Abstract
The use of vernacular language depicting local dialects is a commonly observed characteristic of written technology-mediated communication of some communities (e.g. Alshutayri & Atwell, 2019, Ueberwasser & Stark 2017, Frey et al. 2015). While it is easy for members (or observers) of the community to recognize and understand local dialect spellings, it is a methodological challenge to empirically assign non-standard spelling variants to a specific local variety, thus separating them from misspellings or supra-regional vernacular.
We present a study that addresses this problem using data-driven methods for the analysis of German Facebook texts from the DiDi corpus of South Tyrolean CMC Data (Frey et al.2016). The DiDi corpus provides access to more than 23.000 mainly German status updates, comments and chat messages of around 120 writers written in the year 2013 (corpus size in tokens: ca 374.000). The corpus provides person-related metadata, such as gender, age and geographic origin, which are relevant variables for language variation (Löffler 2003). By correlating frequently occurring spelling variants of the Standard German -er suffix in the DiDi corpus to geographic, social and situational variables, Glück and Glaznieks (2019) were able to relate one variant (-o) to a specific geographic area (Val Pusteria) with a typical distribution for dialect use confirmed by the variables gender (cf. also Sieburg 1992), age (cf. Vergeiner et al. 2020) and communication type.

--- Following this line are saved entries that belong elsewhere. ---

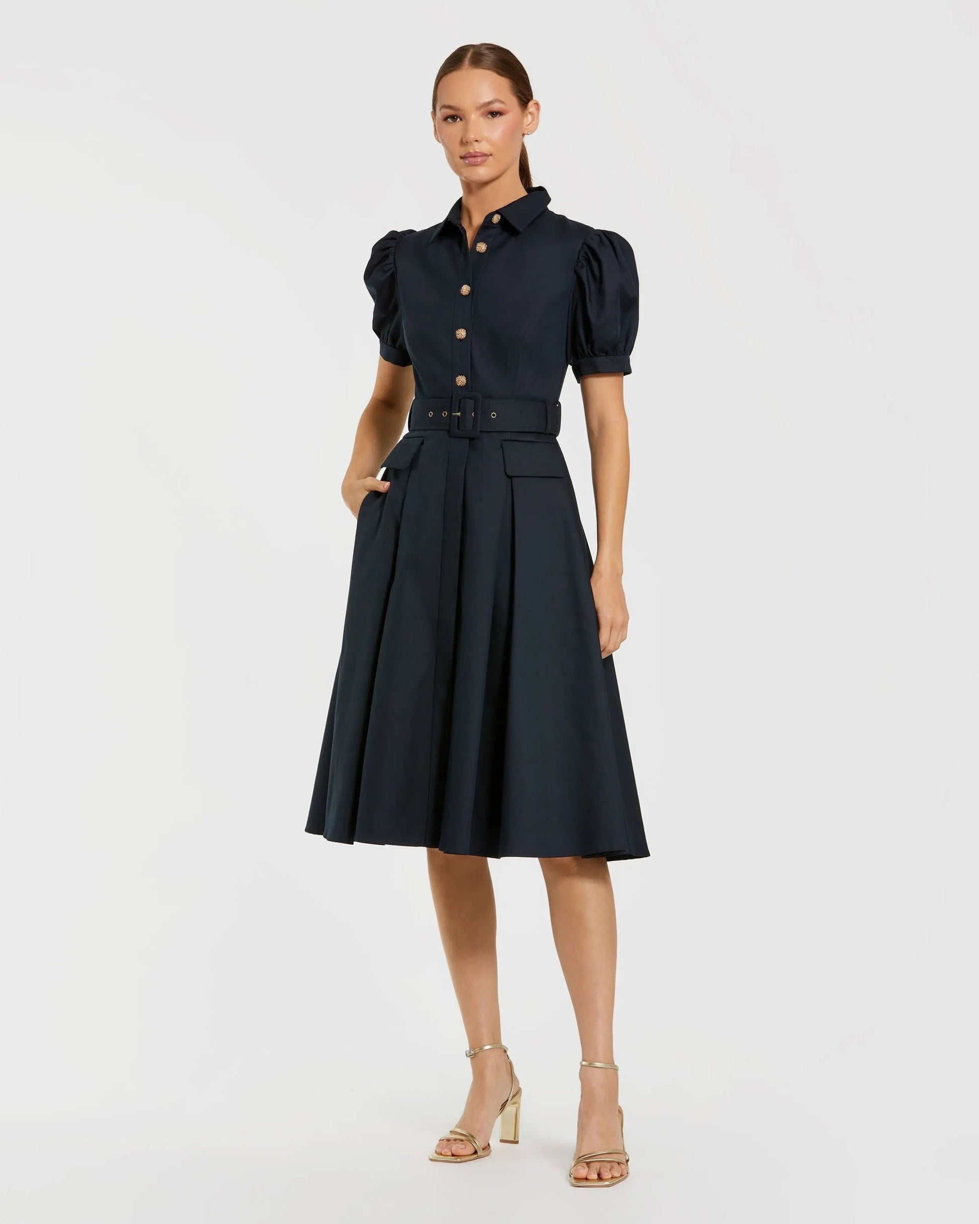 Navy Puff Sleeve Belted Midi Shirt Dress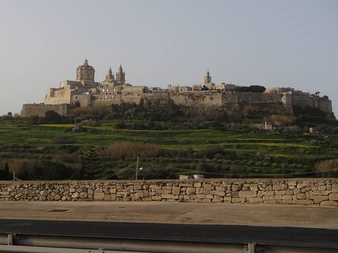 L-Imtarfa Triq Il Maltin Internati U Eziljati 7.45 Uhr / Km 2,8 Schöner Blick hinauf auf die Burg von Mdina. Da vor den Toren waren wir eine Viertelstunde zuvor gestartet. |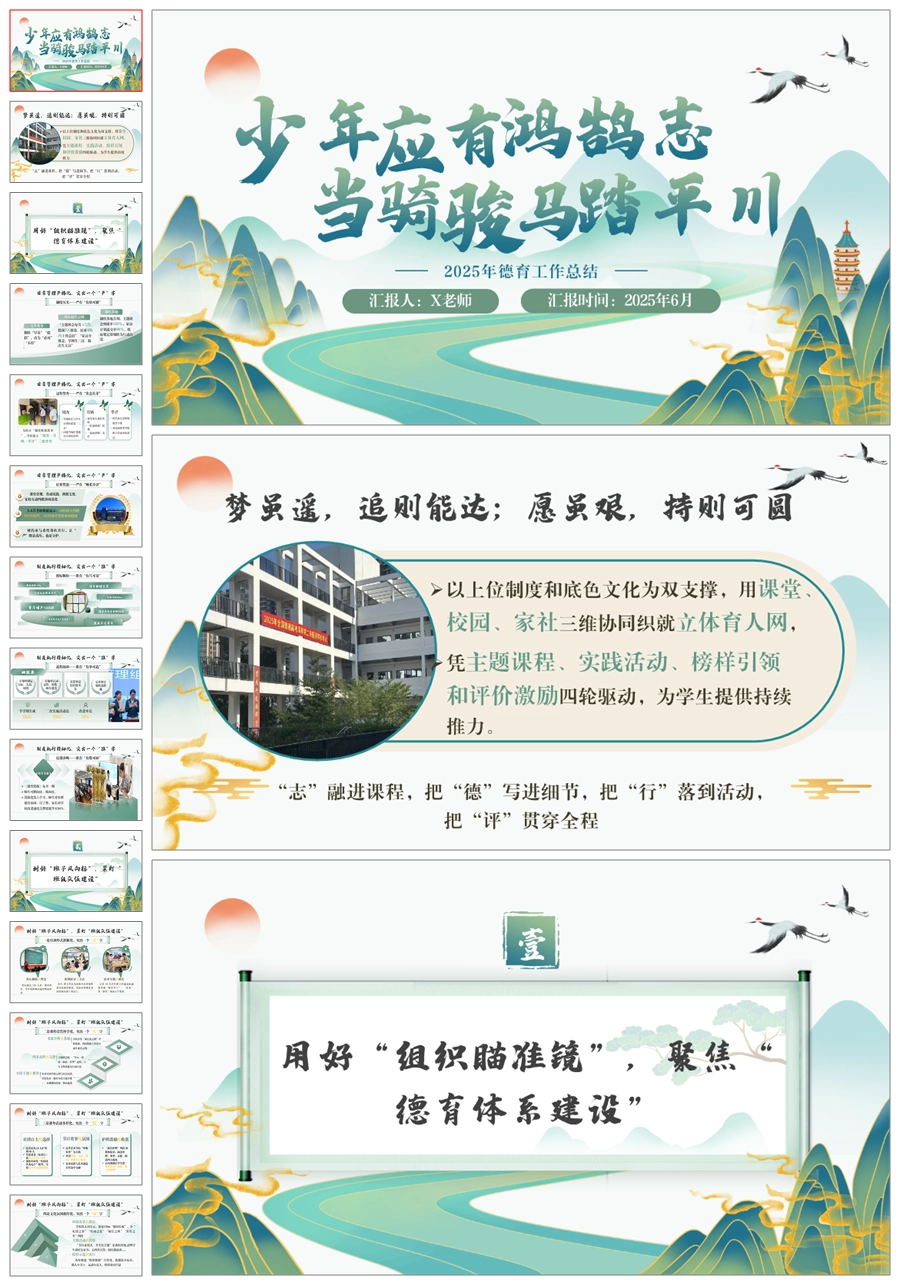 学校德育工作总结-少年应有鸿鹄志ppt课件+发言稿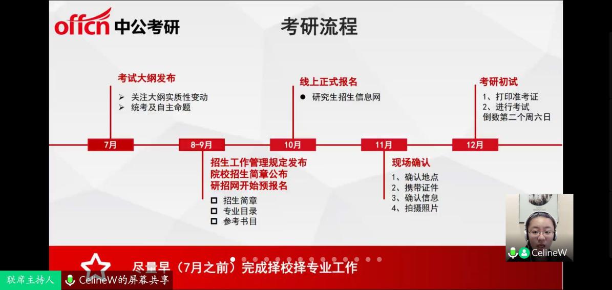 王讲师主要由以下三个部分展开:首先,她对目前考研形势进行分析,回顾往年硕士研究生报考人数,分析目前考研基本持逐年增长的态势;考生读研首要动机依然是要提高就业竞争力,她预测报考人数会持续高速增长。其次,讲师对目前就业方向前景进行揭秘,对文学类专业的工作岗位一一分析并且建议同学们尽量早完成择校择专业工作,事先了解高校专业培养目标、就业方向、招生情况后,再去选择适合自己的专业,而不是盲目追求热门专业。最后,王讲师热情邀请同学们加入中公教育的备考直通车,帮助考生们实时答疑、制定计划监督,以便备考的同学们更好地踏上考研之路。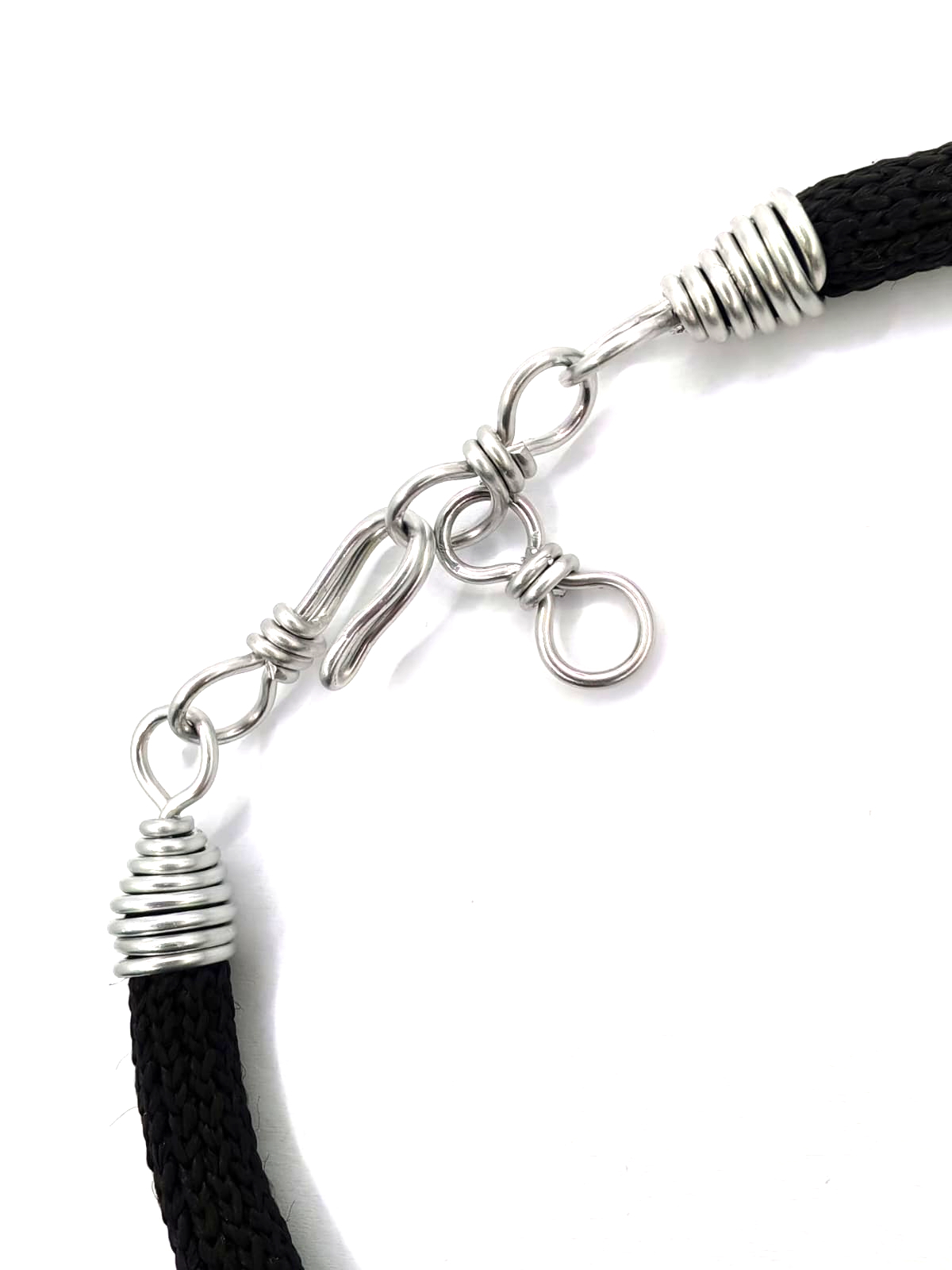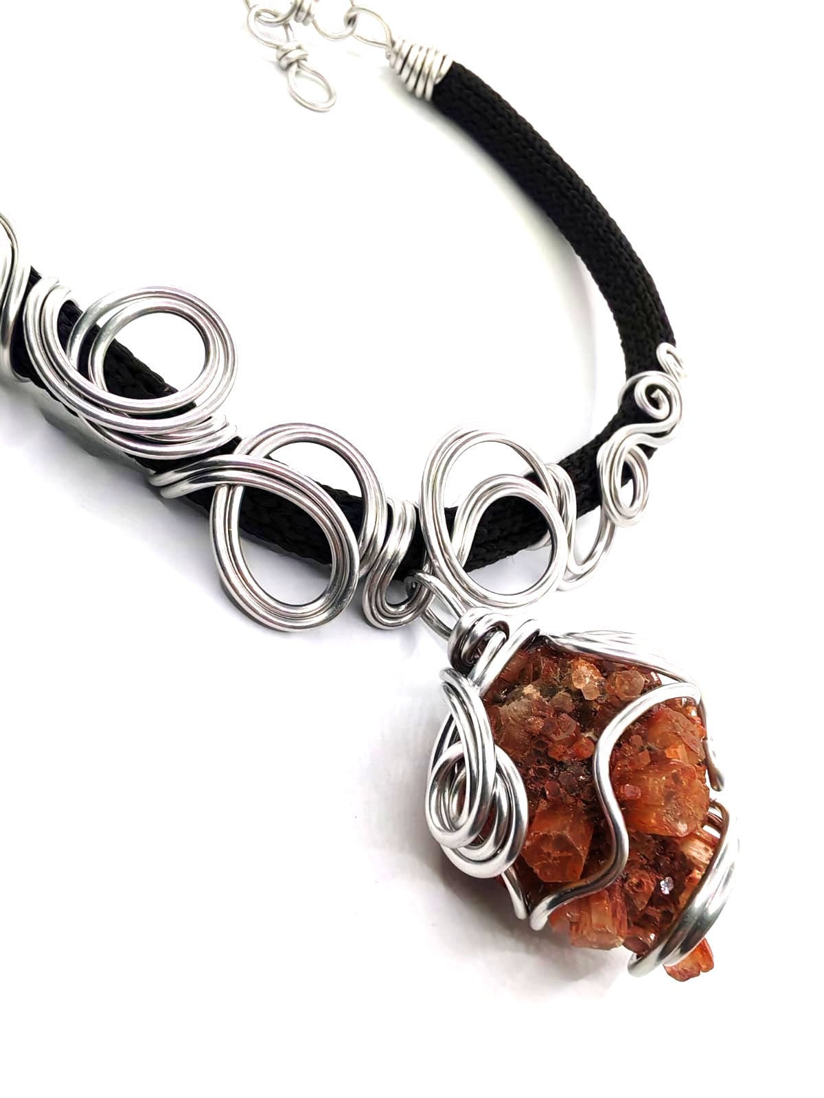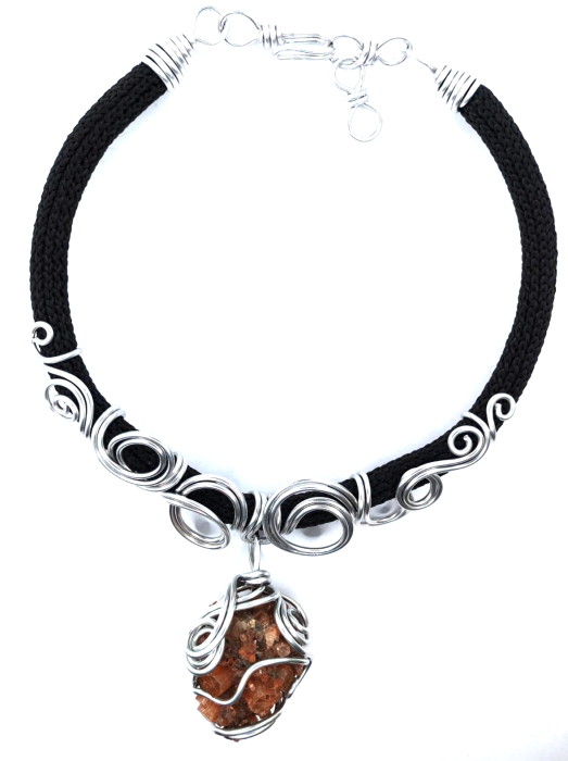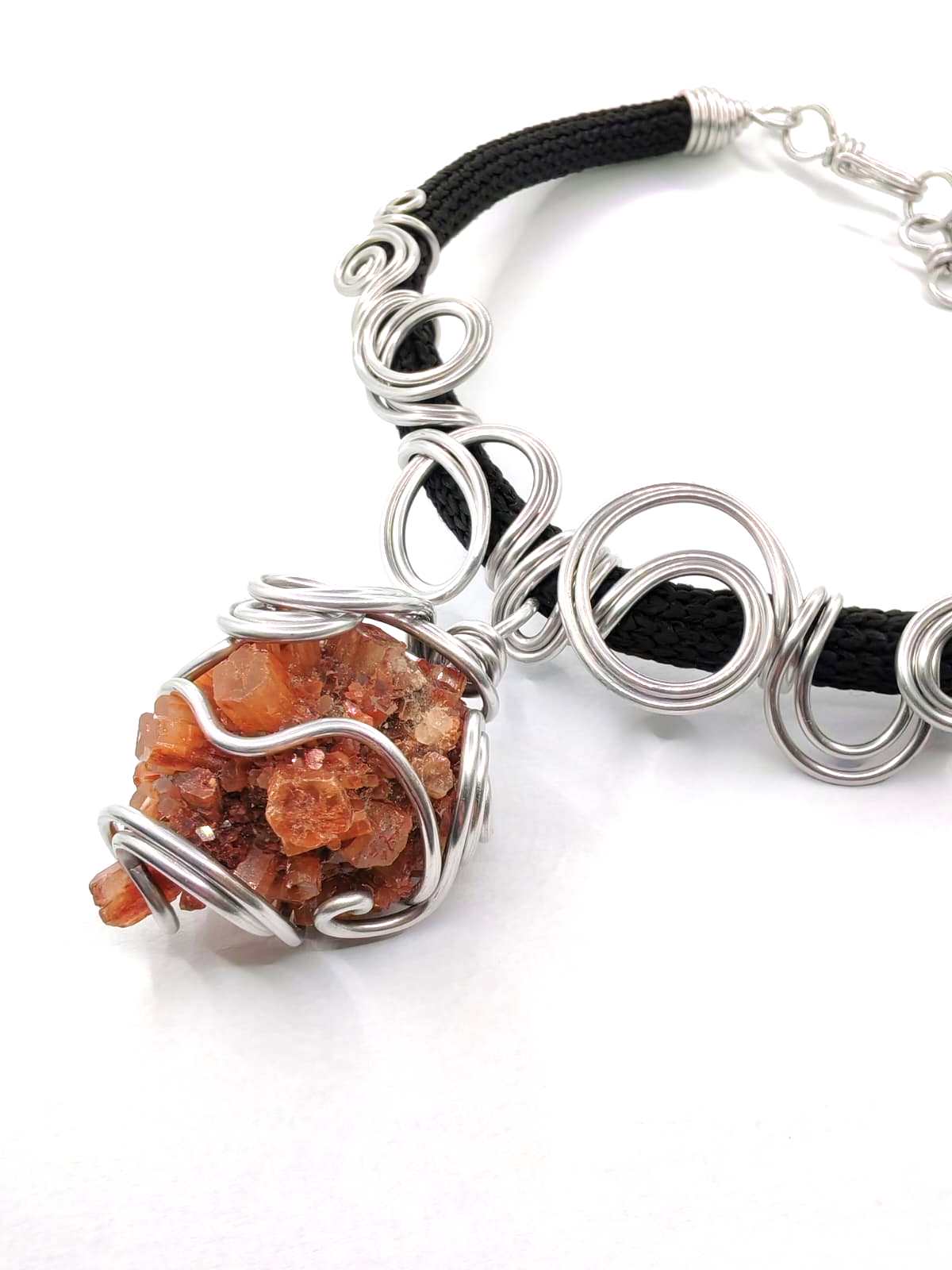 Colier realizat manual, cu funie neagra rezistenta si piatra bruta de aragonit, prinsa cu fir de aluminiu argintiu, modelat cu grija pentru a evidentia forma naturala a pietrei. Fiecare colier este unic, pastrand energia si frumusetea autentica a mineralului.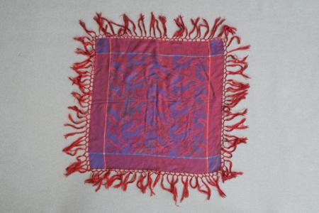 A231. ? Rödblommig liten sidenduk c. 52 x 52 cm. Kommentar; Blåröd sidensjal med lite vitt. Tjock knuten frans i rött. Välbevarad. B: 47 cm, H: 47 cm + frans: 12 cm.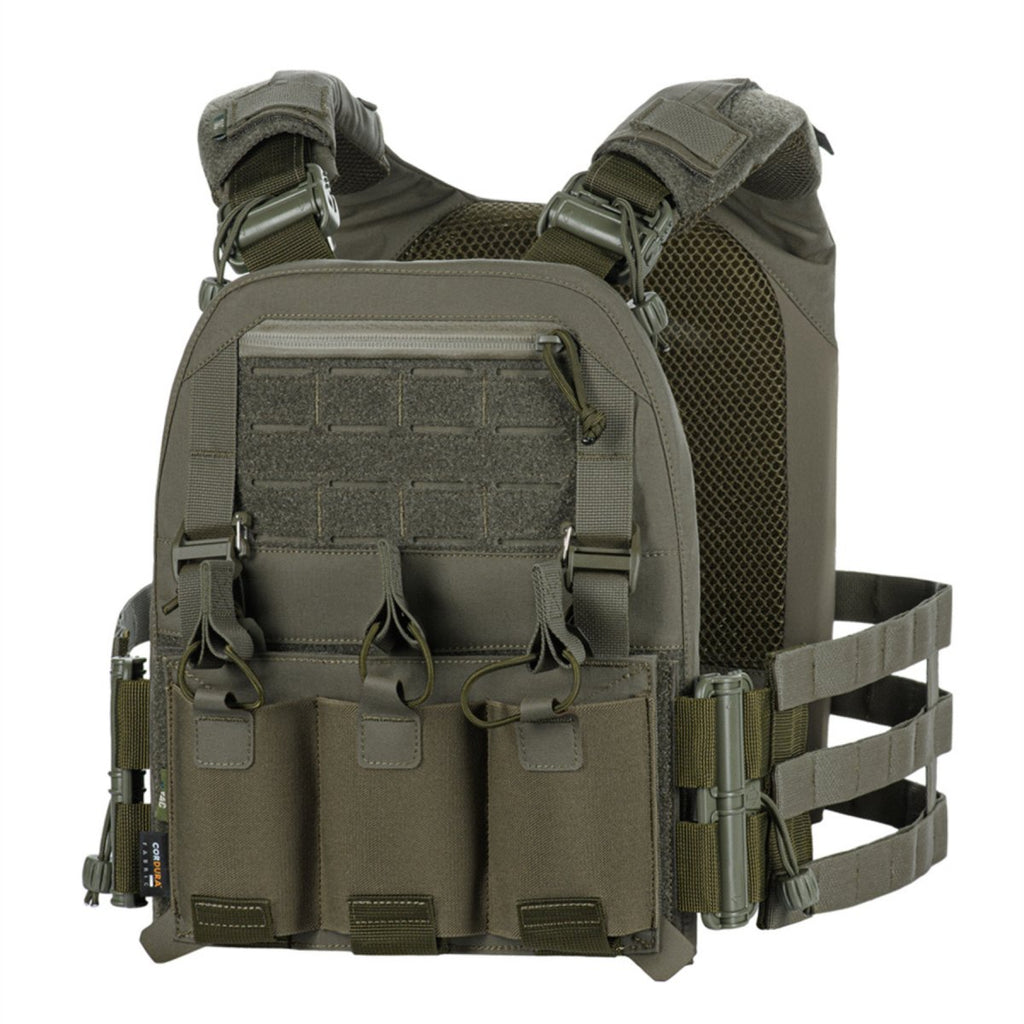 Het MOLLE-compatibele webbingsysteem op de voor- en achterpanelen maakt de bevestiging van extra tactische uitrusting mogelijk, zoals magazijntassen, gereedschapstassen, medische kits of drinksystemen. Het snelverstelsysteem zorgt voor een snelle montage en eenvoudige configuratie, afhankelijk van de missievereisten.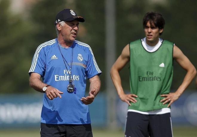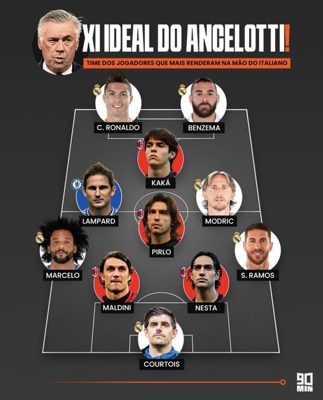近日,足球媒体90 min评出“安切洛蒂理想十一人”,阵型为4-3-1-2,主体由米兰与皇马框架构成:C罗/本泽马双前锋,卡卡居前腰,皮尔洛坐镇中轴,马尔蒂尼配内斯塔压阵,门将库尔图瓦。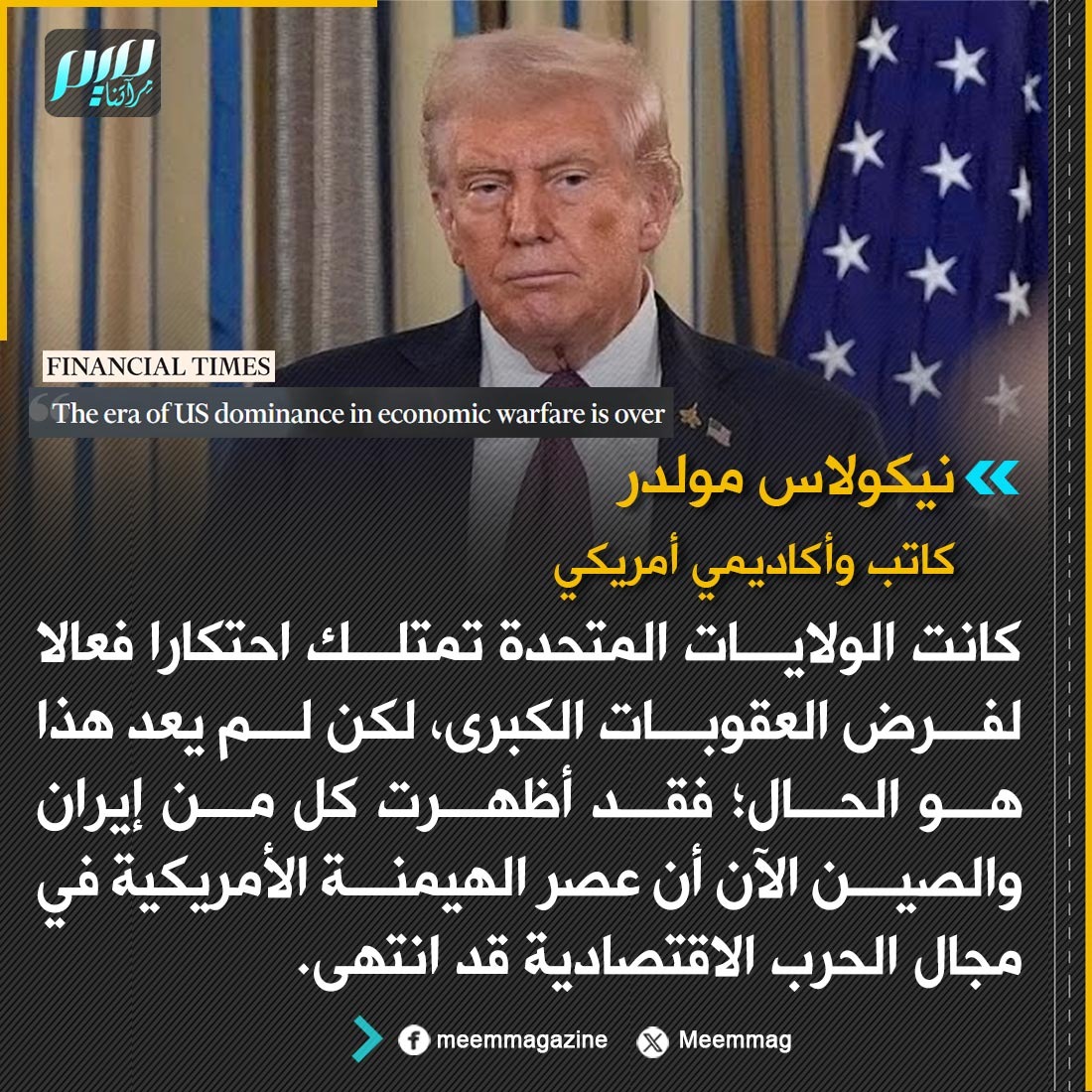 نيكولاس مولدر: أظهرت كل من إيران والصين أن عصر الهيمنة الأمريكية في مجال الحرب الاقتصادية قد انتهى.

In this presentation we extend the approach using methods from natural language processing and social network analysis to look at cooccurring features on grapheme, word and text level. By quantitative and subsequent qualitative analyses of the data we could not only identify more dialect features (e.g. the substitution of by ) but also determine the consistency of writers and whether they clearly distinguish between standard and regional varieties.